ReaDDy – The Library for Reaction Diffusion Dynamics
ReaDDy Logo Simulation:
The logo simulation mimicks a population growth process that frequently occurs in biology, e.g. bacteria colony growth. Sometimes, this growth process is subjected to spatial constraints, e.g. nutrients and bacteria are separated by a barrier. There are three different particle types, referring to that biological model:
- Type 1, the red “logo particles“, serve as the spatial barriers.

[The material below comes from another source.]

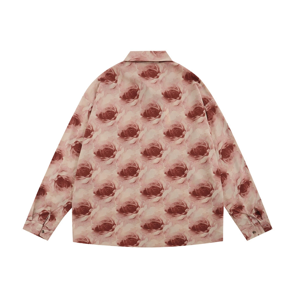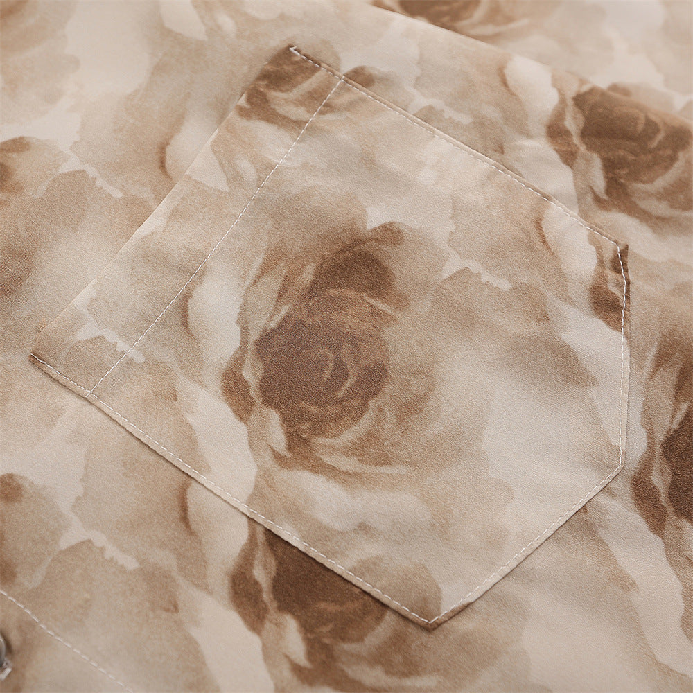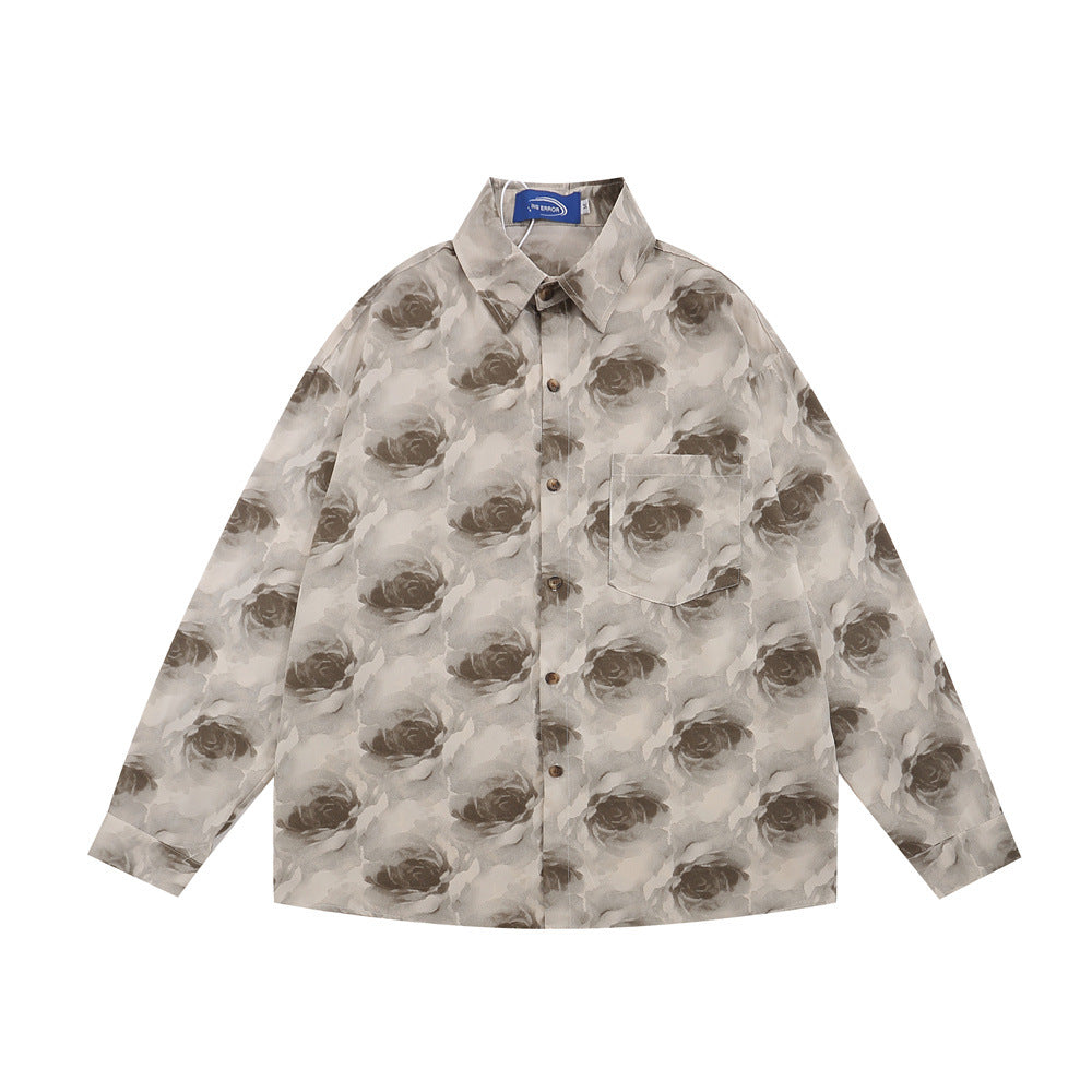 Men Long Sleeved T Shirt Hawaiian Drape Floral Shirt Men's Spring and Autumn Loose Lapel Long Sleeves Shirt

They have been given an attraction potential between them and start in a position that resembles the ReaDDy logo.
- Type 2, the white “nutrient generators“. They can switch between a white ‘off‘ and an to a green an ‘on‘ state in which they can generate small “nutrient” particles.

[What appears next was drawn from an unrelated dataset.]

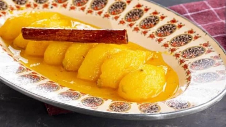 Malzemeler: 1 kg meyve (armut, ayva, elma, şeftali, vişne, kayısı) - Konya’da yaygın olarak armut kullanılır. 400 ml su, 170 gram beyaz şeker, 1 adet yıldız anason, 1 adet çubuk tarçın, 3 gram zerdeçal, 26 gram toz şeker (sos için)

- Type 3, the light blue “bacterium” particles. Bacterium particles can consume “nutrients”. This changes their state and appearance. The more “nutrients” they consume, the larger they become. First, after 2 consumed “nutrient” particles, they become blue colored “bacteria lvl 2“, after 5, violet colored “bacteria lvl 3” and after 7, large, purple “bacteria lvl 4“. When a 10th “nutrient” is consumed, the “level 4 bacteria” split up into four new small level 0 bacteria and the cycle starts again.
It is visible during the time course of the simulation, that the spatial distribution of the particles, their crowding inducing occurrence in masses as well as spatial constraints like barriers influence the growth of the bacteria population dramatically. What is true for this simplified example is ubiquitous not only in molecular and cellular biology but in multiple other fields.
ReaDDy has been designed to fit the modeling requirements of such processes: Particle (or agent) based reaction diffusion systems in which particle-particle interactions play an important role and where the systems are subjected to crowding or spatial constraints.
The ReaDDy Logo simulation has been simulated with ReaDDy version 1.0 . Despite the biological model described above, the lengh-scales used in the simulation are derived from a molecular scale in the nanometer range, rather than from a micrometer range that would resemble the bacteria scenario. The qualitative observations about the capabilities of ReaDDy should not be affected by that. The simulation is done on a 2D plane of 1000×500 nm. In the beginning, it consists of 455 particles, diffusing with different diffusion constants, e.g. the slow “logo particles” diffuse at 0.2 µm²/s, the fast “nutrient” particles diffuse at 10 µm²/s. All particle types have different sizes. These are enforced by particle repulsion potentials that act between all particles and prevent particle-particle overlaps. In total the simulation consists of 500 000 timesteps of length 1ns and took about 5 hours to compute on a single core.